How does this happen? Here are my thoughts:
- Lead investor: Pfizer, at a minimim.
- There could be a co-lead.
- For the round to be successful (to management and existing shareholders) a strategic investor like Pfizer, J&J or another Big Pharma company, who are much less sensitive to valuation and deal parameters (that also impact valuation) than financial investors, is required.
- Other investors: 299 or more other lot holders
- 300 lot holders are required for PVCTP to list on the NASDAQ. That number very likely will include new life sciences, name and other investors as well as existing shareholders.
- Offering amount (of PVCTP): ~$30MM
- $15MM is the minimum amount to list on the NASDAQ.
- An amount closer to $20MM at a minimum fully funds the pivotal MM Phase 3 trial. A higher number like $30MM provides more flexibility to fund other trials, like the HCC expanded Phase 1, the HCC Phase 2/3 trial, the Phase 1 pancreatic cancer trial and the pivotal psoriasis Phase 3 trial, and other pre-clinical and clinical work, etc.
- I doubt the figures rises much beyond $30MM.
- Demand for the offering also will play a role in the amount. If the offering is robustly oversubscribed, management may agree to a higher amount; however, oversubscription also plays a role in the determination of the valuation/per share price, conversion ratio and warrant coverage.
- Valuation: $1B pre-money
- A WAG, using actual and rumored historical datapoints. Maybe higher, or maybe lower.
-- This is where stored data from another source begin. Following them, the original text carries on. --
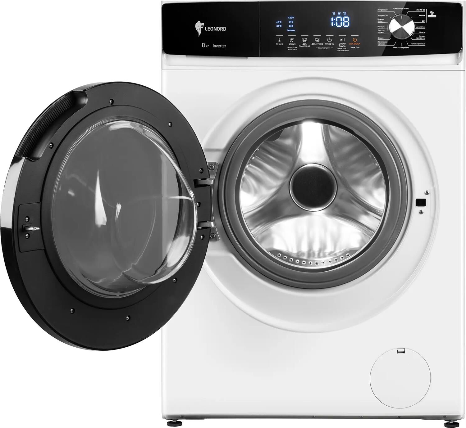 Мощность 2000 Вт Глубина 60 см Машинка для стирки автомат отдельностоящая Фронтальная загрузка Инверторный двигатель (BLDC) Максимальная скорость отжима 1200 об/мин Максимальная загрузка для стирки — 8 кг 16 программ стирки: Смешанная стирка、Эко 40-60、Хлопок、Холодная 20℃、Деликатная, Шерсть、Ночная программа、Гипоаллергенная、Очистка барабана、Полоскание+Отжим、Отжим、Детская одежда、Рубашки、Нижнее белье、Экспресс 30’、Экспресс 15′ Управление электронное Обработка паром Увеличенный размер дверцы Дисплей Температура воды:30/40/60/85℃ Уровень шума стирка 62 дБ/отжим 75 дб Отложенный старт Функция дозагрузки белья Программа самоочистки барабана Контроль дисбаланса Защита от протечек Защита от детей Kласс энергопотребления А+++ Класс эффективности отжима С Размер изделия (ШхГхВ): 598*608*845 мм Напряжение 220-240 В, 50-60 Гц Гарантия 1 год
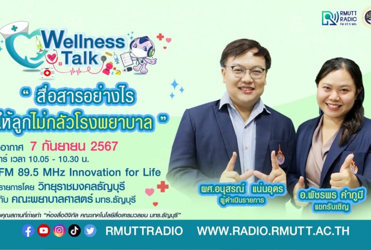 Wellness talk (EP.32) I สื่อสารอย่างไรให้ลูกไม่กลัวโรงพยาบาล เรื่องของการสื่อสารกับเด็ก เพราะว่าเราเจอบ่อยมาก เมื่อเด็กไม่สบายต้องเข้ารับการรักษาในโรงพยาบาล ก็มักจะพบการสื่อสารกับเด็กที่เป็นผลกระทบทางด้านลบ เช่น ขู่เด็ก หลอกเด็ก ทำให้เด็กกลัว หรือทำให้เด็กเข้าใจผิด เกิดขึ้นได้ทั้งจากพ่อแม่ หรือแม้กระทั่งเจ้าหน้าที่ในโรงพยาบาลเอง ดังนั้นสิ่งเหล่านี้จะต้องปรับพฤติกรรมจากผู้ปกครอง พ่อแม่ หรือคนรอบข้าง ควรใช้คำพูดที่ไม่แสดงถึงผลกระทบทางด้านลบ ดำเนินรายการโดย ผศ.อนุสรณ์ แน่นอุดร แขกรับเชิญ อ.พัชรพร คำภูมี รับฟังรายการได้ทาง FM 89.5 MHz Innovation for Life วิทยุราชมงคลธัญบุรี วันเสาร์ที่ 7 กันยายน 2567 เวลา 10.05 ...
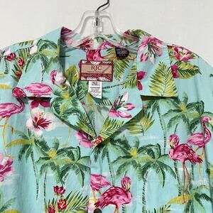 RJC Hawaiian Shirt Mens 2XL Flamingo Palm Tree Aloha Made in Hawaii USA Cotton
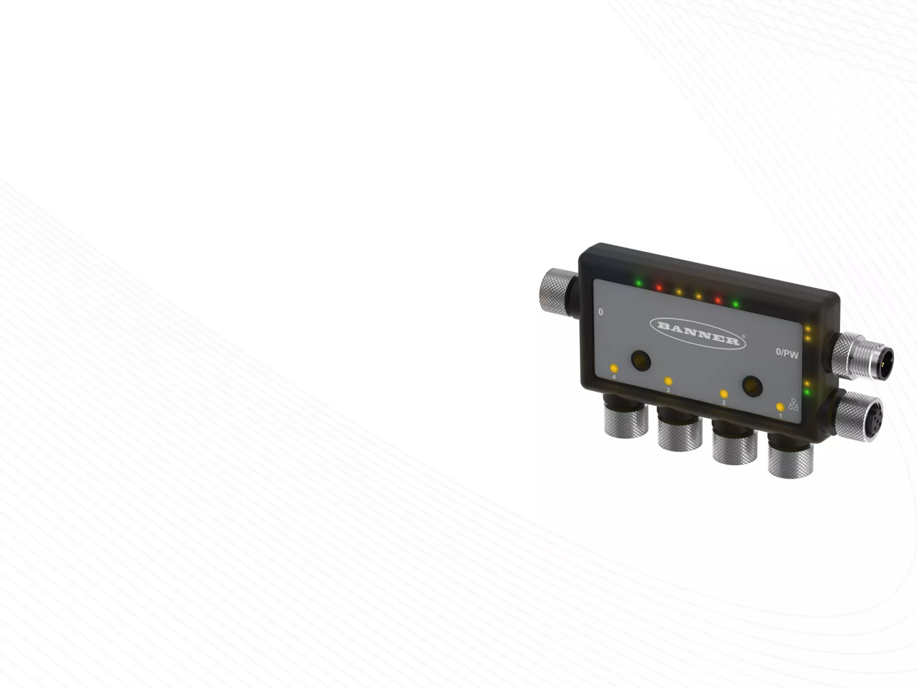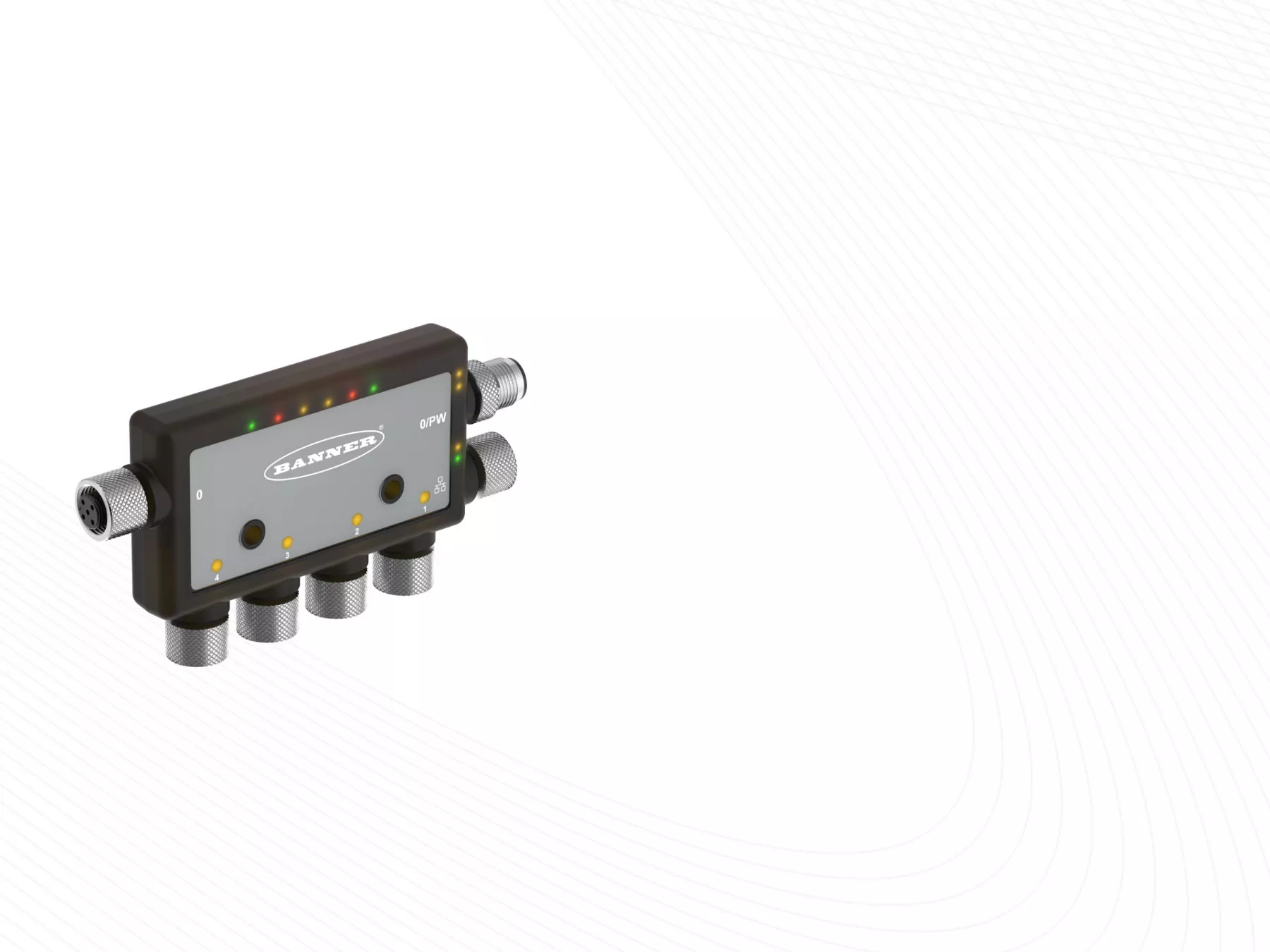 The DXMR90 features four female M12 ports, which can receive native Modbus signals and an ever-expanding variety of legacy electronic signal types converted to Modbus using other Snap Signal products. These ports can also connect to Banner radios to receive signals wirelessly—even at distances of up to six miles. Each port can be configured as its own Modbus Client, with selectable baud rate and parity settings, for a series of connected device signals. The DXMR90 also features an M12 D-coded Ethernet connection port for communicating over Modbus TCP, Ethernet/IP, and Profinet, or for controller configuration.

- Per share price (PVCTP): $1B pre-money
- I think at least $5-6. $4 is the minimum price to list on the NASDAQ. Price obviously is influenced by supply (the amount of money management wants to raise for both operations, cosmetic and valuation reasons) and demand (over or undersubscription).
- Conversion ratio: ?
- I do not have a good handle on this yet, and therefore cannot really speculate.
- 1-to-1 would be nice; that is, each share of preferred stock would convert into one share or common stock. Maybe higher (i.e., each preferred share converts into more than one common share, which is less favorable to existing shareholders), but unlikely to be lower (i.e., more favorable to existing shareholders).
- Warrant coverage: ?
- 40-50% is a datapoint I have been told. That is not bad, but the final figure may be higher (less favorable) or lower (more favorable).
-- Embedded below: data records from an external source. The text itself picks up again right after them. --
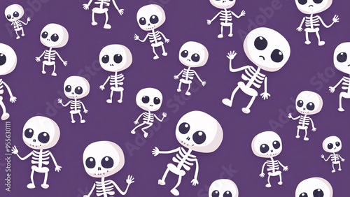 Cartoon Skeletons Pattern on Purple Background
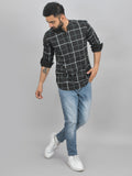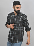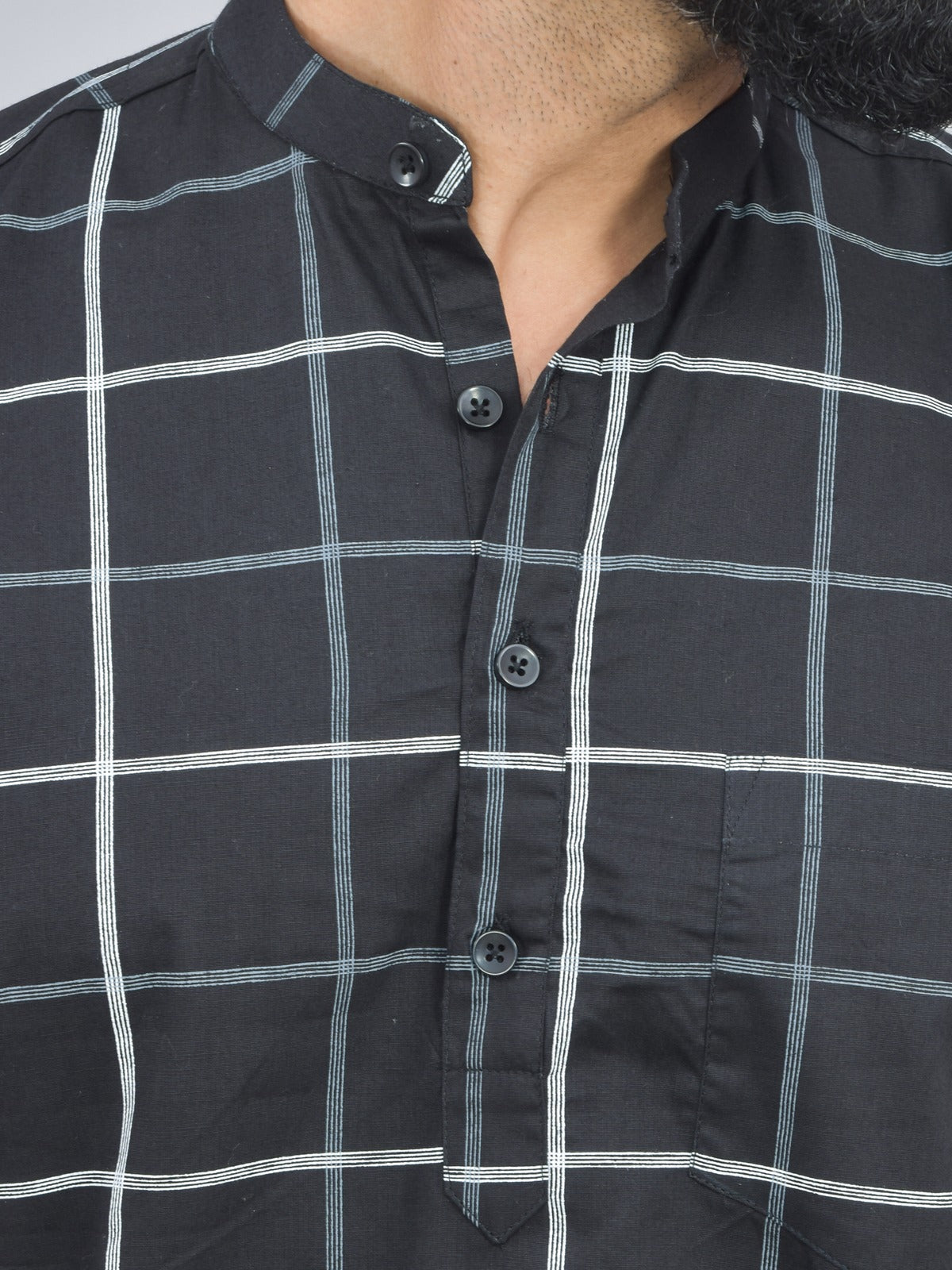 Quaclo Mens Black Wide Check Cotton Short Kurta
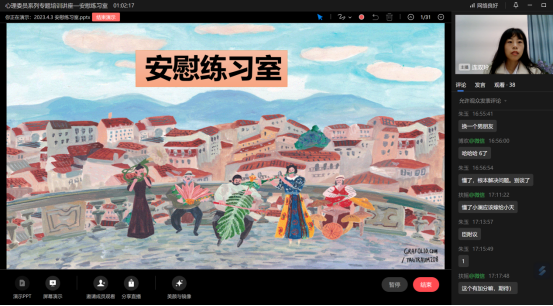 2023年4月11日下午,学生工作部心理老师连双玲为2021级心理委员开展线上专题培训讲座——安慰练习室。
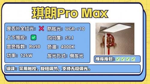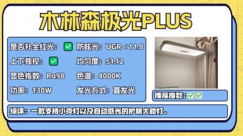 推荐理由:采用1050mm长条发光面,光通量在17800lm左右,光线明亮。
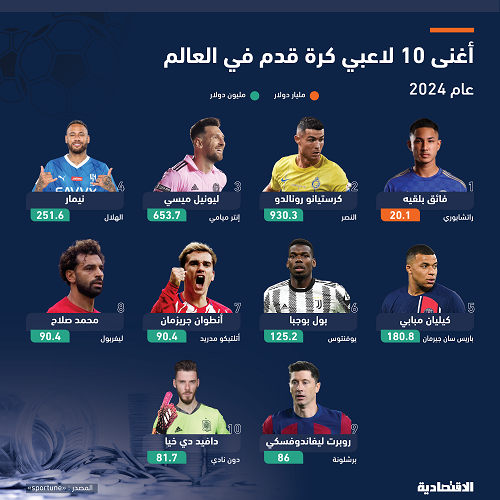 قفزت ثروات أغنى 10 لاعبي كرة القدم في العالم خلال عام 2024 وصلت إلى ما يقارب 22.5 مليار دولار بفضل عقود الرعاية واتفاقيات الشراكة مع العلامات التجارية إضافة إلى الرواتب العالية مع أنديتهم. وبحسب موقع "sportune" المختص بالمعلومات والتحليلات الرياضية العالمية، أصبح البرتغالي كريستيانو رونالدو مهاجم فريق النصر لكرة القدم هو ثاني أغنى لاعب كرة قدم في العالم عام 2024 بثروة تقدر بـ (930.3 مليون دولار).

- Rights & Provisions: Customary
- Per the offering prospectus supplement. There may be certain revisions or refinements if the vehicle is used.
An "IPO" is made more effective (better terms for the company, better on-the-day and post-"IPO" share appreciation and buying) the more demand there is for PVCTP. Demand comes from pre- and post-"IPO," PVCTP share price-moving news. If the vehicle is used, the "IPO" could occur during or around the week of October 8th (U.S. equity markets are not closed on Columbus Day), perhaps earlier like the end of the week of October 1st or later like the week of October 15th. Early- to mid-October makes sense because of the news going into and throughout the fourth and last quarter of this calendar year:
- We await the SPA PR in Q3,
- ESMO occurs as September becomes October, and PRs should reflect what is revealed by the company at this conference,
- Craig speaks in early- and late-October about immunology and MOA,
- More Moffitt data will be revealed and released,
- Potentials in dermatology and/or mini-oncology should be consummated in Q4,
- High profile peer review publications are expected, and
- High profile mainstream media coverage is expected.